UNC Lineberger researchers Charles M. Perou, PhD, Katherine Hoadley, PhD, and Melissa Troester, PhD, co-authored a large, multi-institutional study designed to understand a gap in mortality for black and white women with breast cancer by beginning to unravel the germline genetic variations and tumor biological differences. This is the first “ancestry-based comprehensive analysis of multiple platforms of genomic and proteomic data of its kind,” the authors note.
Although the odds of developing breast cancer are nearly identical for black and white women, black women are 42 percent more likely to die from the disease. This mortality gap – driven by social and environmental, as well as biological factors – continues to persist.
A large, multi-institutional study, published online today in JAMA Oncology, was designed to understand this gap by beginning to unravel the germline genetic variations and tumor biological differences between black and white women with breast cancer. This is the first “ancestry-based comprehensive analysis of multiple platforms of genomic and proteomic data of its kind,” the authors note.
Findings from this study could lead to more personalized risk assessment for women of African heritage and hasten the development of novel approaches designed to diagnose specific subtypes of aggressive breast cancers early and treat them effectively.
One new finding is that black women with hormone receptor positive, HER2-negative breast cancer had a higher risk-of-recurrence score than white women. The study also confirmed that black patients were typically diagnosed at a younger age and were more likely to develop aggressive breast-cancer subtypes, including basal-like or triple-negative cancers (tumors lacking estrogen receptors, progesterone receptors and HER2), as well as other aggressive tumor subtypes.

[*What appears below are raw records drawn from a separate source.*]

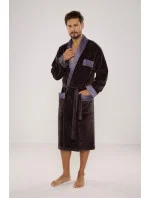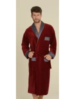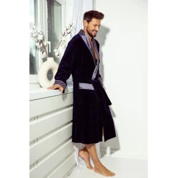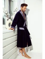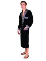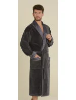 Pánský velurový župan s límcem, v Podvazkový páse na zavázání a dvěma našitými kapsami na bocích a jednou na hrudi. Manžety, límec a kapsy jsou zakončené vzorovaným saténem.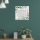 This wedding square seating chart features painted watercolor eucalyptus greenery, green leaves with a square frame. For more advanced customisation of this design, Please click the "Customise further" link. Matching items are also available.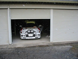| A.以前の仕様から引き継ぐステッカーを除き全て剥がします。丸3日かかりました。剥がした部分にステッカーの糊が残ってしまいましたが、ブレーキクリーナーで強制撤去です。 | B.レプリカ車両の貼り作業は全てこのガレージ内で行われます。シャッター付きガレージなので雨風はしのげます。 |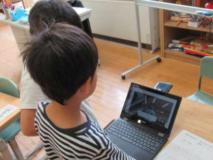 学校探検で分かったことを、今度はレポーターになって伝えます。今日は、自分の伝える姿を端末で録画して確かめました。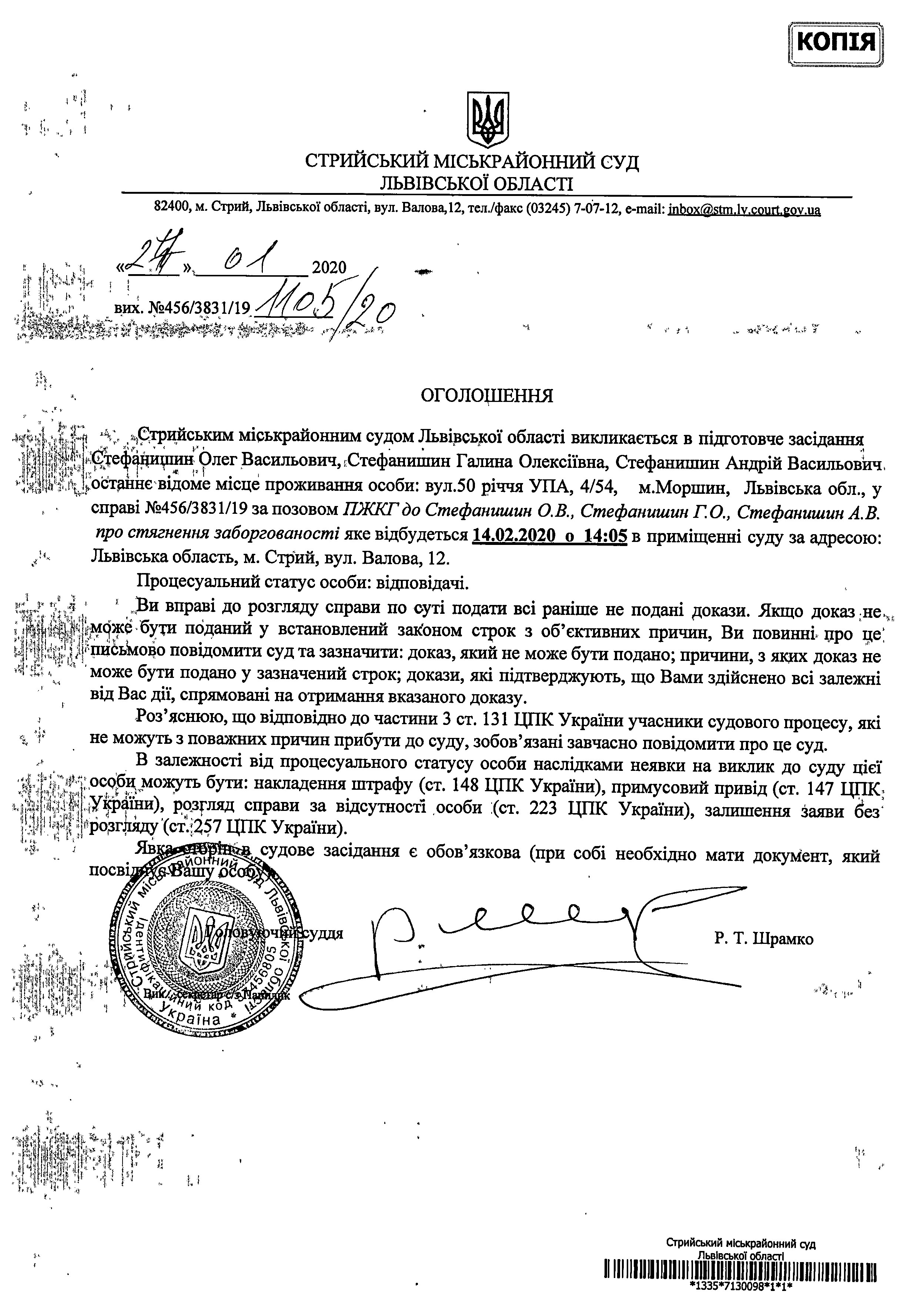 Про виклик Стефанишин О.В., Стефанишин Г.О., Стефанишин А.В.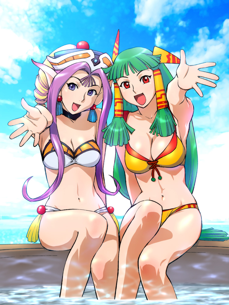 2girlsbad anatomybikinichokerdayelfgreen hairhair tubeshead tiltlong hairmultiple girlspointy earspurple hairswimsuitwater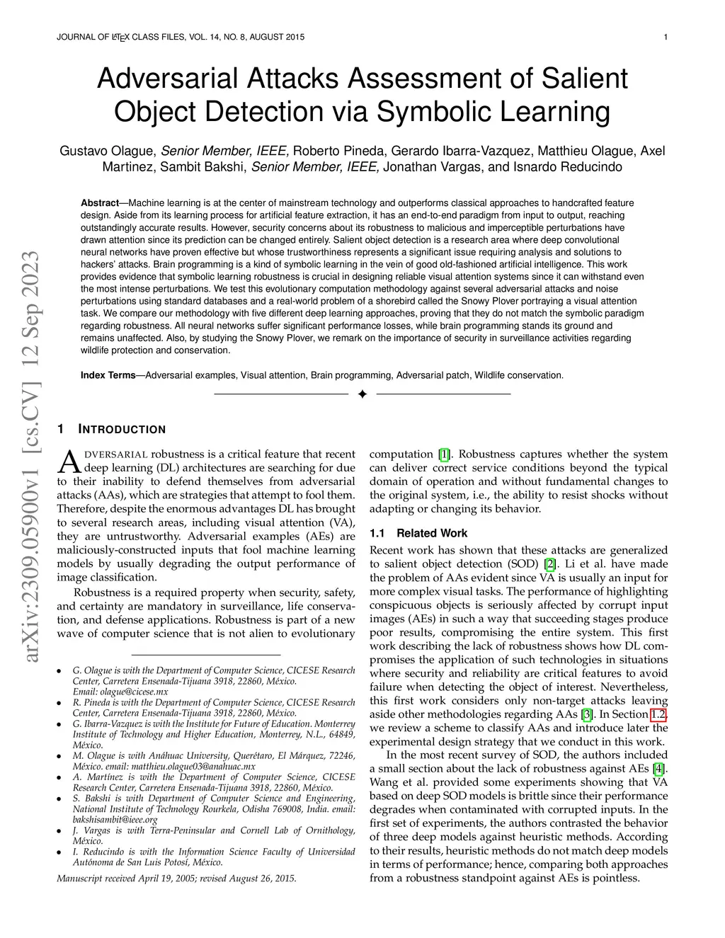 Machine learning is at the center of mainstream technology and outperforms classical approaches to handcrafted feature design. Aside from its learning process for artificial feature extraction, it has an end-to-end paradigm from input to output, reaching outstandingly accurate results. However, security concerns about its robustness to malicious and imperceptible perturbations have drawn attention since its prediction can be changed entirely. Salient object detection is a research area where deep convolutional neural networks have proven effective but whose trustworthiness represents a significant issue requiring analysis and solutions to hackers' attacks. Brain programming is a kind of symbolic learning in the vein of good old-fashioned artificial intelligence. This work provides evidence that symbolic learning robustness is crucial in designing reliable visual attention systems since it can withstand even the most intense perturbations. We test this evolutionary computation methodology against several adversarial attacks and noise perturbations using standard databases and a real-world problem of a shorebird called the Snowy Plover portraying a visual attention task. We compare our methodology with five different deep learning approaches, proving that they do not match the symbolic paradigm regarding robustness. All neural networks suffer significant performance losses, while brain programming stands its ground and remains unaffected. Also, by studying the Snowy Plover, we remark on the importance of security in surveillance activities regarding wildlife protection and conservation.

“People have long associated breast cancer mortality in black women with poverty, or stress, or lack of access to care, but our results show that much of the increased risk for black women can be attributed to tumor biological differences, which are probably genetically determined,” said study author Olufunmilayo Olopade, MD, professor of medicine and human genetics at the University of Chicago.
“The good news,” she said, “is that as we learn more about these genetic variations, we can combine that information with clinical data to stratify risk and better predict recurrences – especially for highly treatable cancers – and develop interventions to improve treatment outcomes.”